### TO DO
To complete this task, print all the data below exactly but leave out the images.

### SOURCE DATA
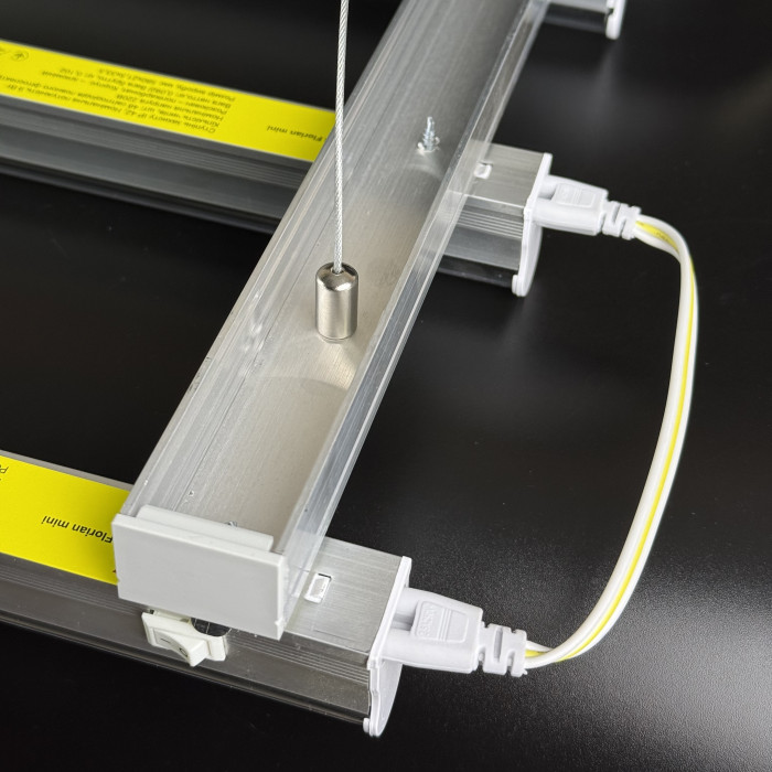 Алюмінієвий корпус кожного модуля ефективно відводить тепло, забезпечуючи стабільну роботу та тривалий ресурс. Прозорий PC-розсіювач рівномірно розподіляє світло, не створюючи різких тіней. Світильник підходить для підвісного, стельового, накладного або настінного монтажу, що дозволяє легко інтегрувати його у будь-який гроубокс чи стелаж.
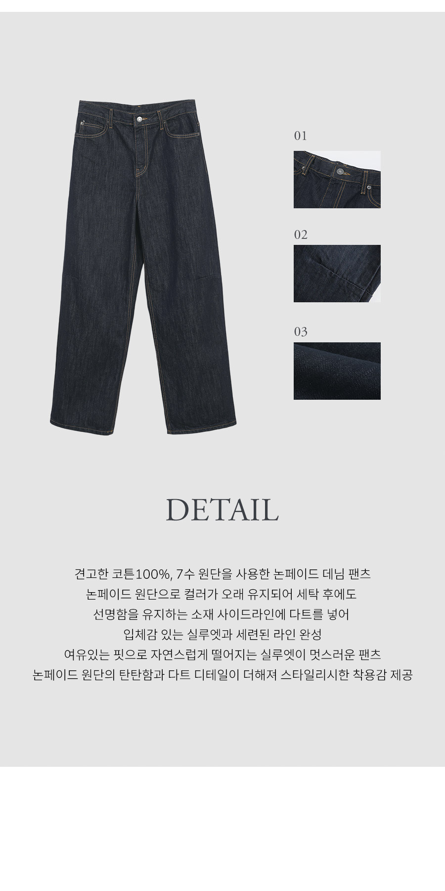 - 견고한 코튼100%, 7수 원단을 사용한 논페이드 데님 팬츠
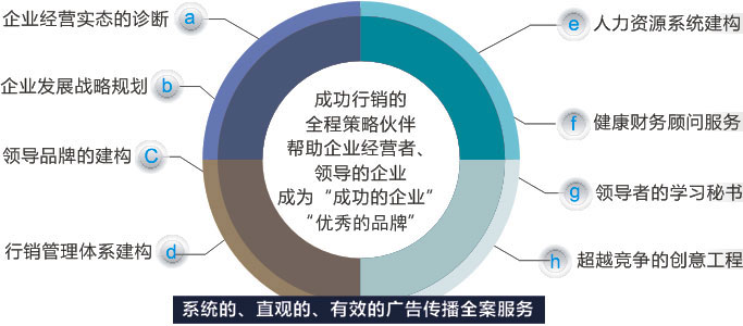 營(yíng)銷(xiāo)創(chuàng)新、視覺(jué)創(chuàng)新、媒體組合創(chuàng)新,向客戶(hù)提供營(yíng)銷(xiāo)推廣的系統(tǒng)解決方案
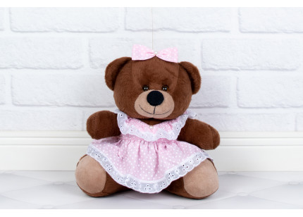 Ursos Tedde Vestido Baby poá rosa com branco - Pelúcia Marrom
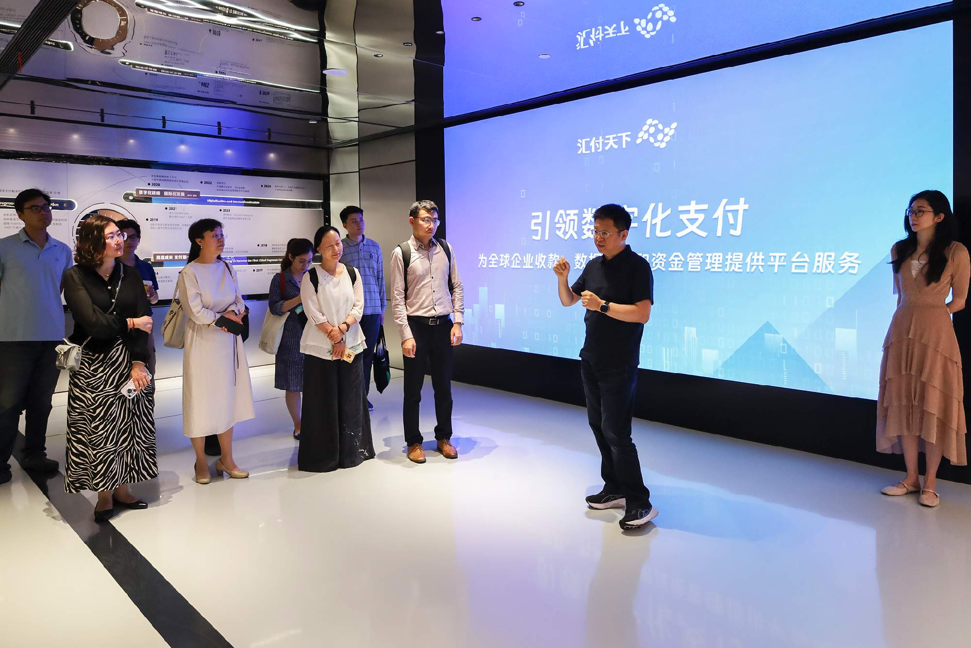 汇付天下CFO金源热情接待了参访师生一行,在金源的带领和讲解下,师生们首先参观了汇付天下展厅,深入了解公司发展历程、核心技术及行业生态布局。汇付天下以中国传统建筑中的“斗拱”为喻,生动阐释了其"支付为基、数据为核、生态赋能、科技驱动"的数字化解决方案。通过构建支付、SaaS与数据的深度融合,支撑商业生态的高效运转,这一创新模式引发了师生对科技金融赋能产业数字化转型的深入思考。
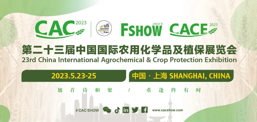 CAC2023第二十三屆中國國際農用化學品及植保展覽會,于5月23-25日在國家會展中心(上海)5.2、6.2、7.2、8.2 館隆重舉辦,共有1,775家國內外企業參展,展覽面積達到10萬平方米。
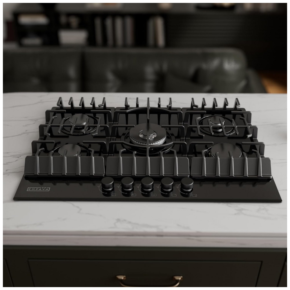 O cooktop a gás 76cm Empava com mesa em vidro temperado preto oferece cinco queimadores SABAF selados em configuração compacta para instalação embutida em cozinhas residenciais, cozinhas compactas e espaços gourmet planejados. A superfície em vidro temperado resiste a manchas e descoloração, enquanto os queimadores selados evitam a entrada de resíduos na base, favorecendo a limpeza com remoção das grades e pano úmido.

### RESULT OF THE EXERCISE
 Алюмінієвий корпус кожного модуля ефективно відводить тепло, забезпечуючи стабільну роботу та тривалий ресурс. Прозорий PC-розсіювач рівномірно розподіляє світло, не створюючи різких тіней. Світильник підходить для підвісного, стельового, накладного або настінного монтажу, що дозволяє легко інтегрувати його у будь-який гроубокс чи стелаж.
 - 견고한 코튼100%, 7수 원단을 사용한 논페이드 데님 팬츠
 營(yíng)銷(xiāo)創(chuàng)新、視覺(jué)創(chuàng)新、媒體組合創(chuàng)新,向客戶(hù)提供營(yíng)銷(xiāo)推廣的系統(tǒng)解決方案
 Ursos Tedde Vestido Baby poá rosa com branco - Pelúcia Marrom
 汇付天下CFO金源热情接待了参访师生一行,在金源的带领和讲解下,师生们首先参观了汇付天下展厅,深入了解公司发展历程、核心技术及行业生态布局。汇付天下以中国传统建筑中的“斗拱”为喻,生动阐释了其"支付为基、数据为核、生态赋能、科技驱动"的数字化解决方案。通过构建支付、SaaS与数据的深度融合,支撑商业生态的高效运转,这一创新模式引发了师生对科技金融赋能产业数字化转型的深入思考。
 CAC2023第二十三屆中國國際農用化學品及植保展覽會,于5月23-25日在國家會展中心(上海)5.2、6.2、7.2、8.2 館隆重舉辦,共有1,775家國內外企業參展,展覽面積達到10萬平方米。
 O cooktop a gás 76cm Empava com mesa em vidro temperado preto oferece cinco queimadores SABAF selados em configuração compacta para instalação embutida em cozinhas residenciais, cozinhas compactas e espaços gourmet planejados. A superfície em vidro temperado resiste a manchas e descoloração, enquanto os queimadores selados evitam a entrada de resíduos na base, favorecendo a limpeza com remoção das grades e pano úmido.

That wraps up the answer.